According to the judgement, Carlos Hugo will be entitled to be known as "Zijne Koninklijke Hoogheid Carlos Hugo Roderik Sybren prins de Bourbon de Parme" (His Royal Highness Prince Carlos Hugo Roderik Sybren of Bourbon-Parma); this will come only into effect once the Dutch king has signed the royal decree. According to the press release of the Council of State of 28 February 2018, the name change does not mean that Klynstra is now also a member of the Royal House of  Bourbon-Parma. That is a private matter of the House itself and this is outside the jurisdiction of the Dutch Nobility Law.

Marriage to Annemarie Gualthérie van Weezel
On 7 October 2009 it was announced through his mother's private secretary that Prince Carlos would marry Annemarie Cecilia Gualthérie van Weezel. The civil marriage took place on 12 June 2010 at Wijk bij Duurstede. The church wedding was to have taken place at the La Cambre Abbey in Ixelles on 28 August, but it was postponed owing to his father's illness. Prince Carlos Hugo died shortly afterwards.

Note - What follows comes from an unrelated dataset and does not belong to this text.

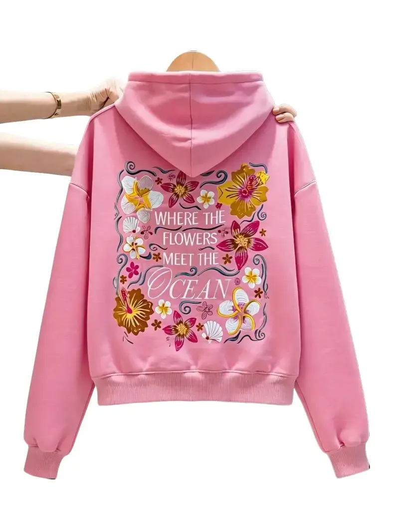 Men’s and women’s Y2K floral embroidered hoodie — aesthetic preppy graphic sweatshirt; cute hood design featuring “Where Flowers Meet the Ocean”; all oversized embroidery; suitable for Christmas, Halloween, and Thanksgiving; menswear tops; pullover long s

Annemarie (born The Hague, 18 December 1977) is the daughter of Johan (Hans) Stephan Leonard Gualthérie van Weezel and 
Gerarda Gezine Jolande (Ank) de Visser. Her father was a member of the House of Representatives of the Netherlands for the Christian Democratic party, the Dutch ambassador to the Council of Europe in Strasbourg, and the ambassador to Luxembourg. Gualthérie van Weezel's paternal grandfather was Jan Hans Gualthérie van Weezel, who was the head of the police in The Hague and member of the Dutch resistance during the Second World War. Annemarie Gualthérie van Weezel went to secondary school in Strasbourg and obtained a Master of Laws degree at the University of Utrecht. Subsequently, she completed a post-graduate study in Radio and Television journalism at the University of Groningen. Gualthérie van Weezel works as a parliamentary journalist in The Hague and Brussels for the Dutch public channel NOS. In Brussels, she met Prince Carlos for the first time.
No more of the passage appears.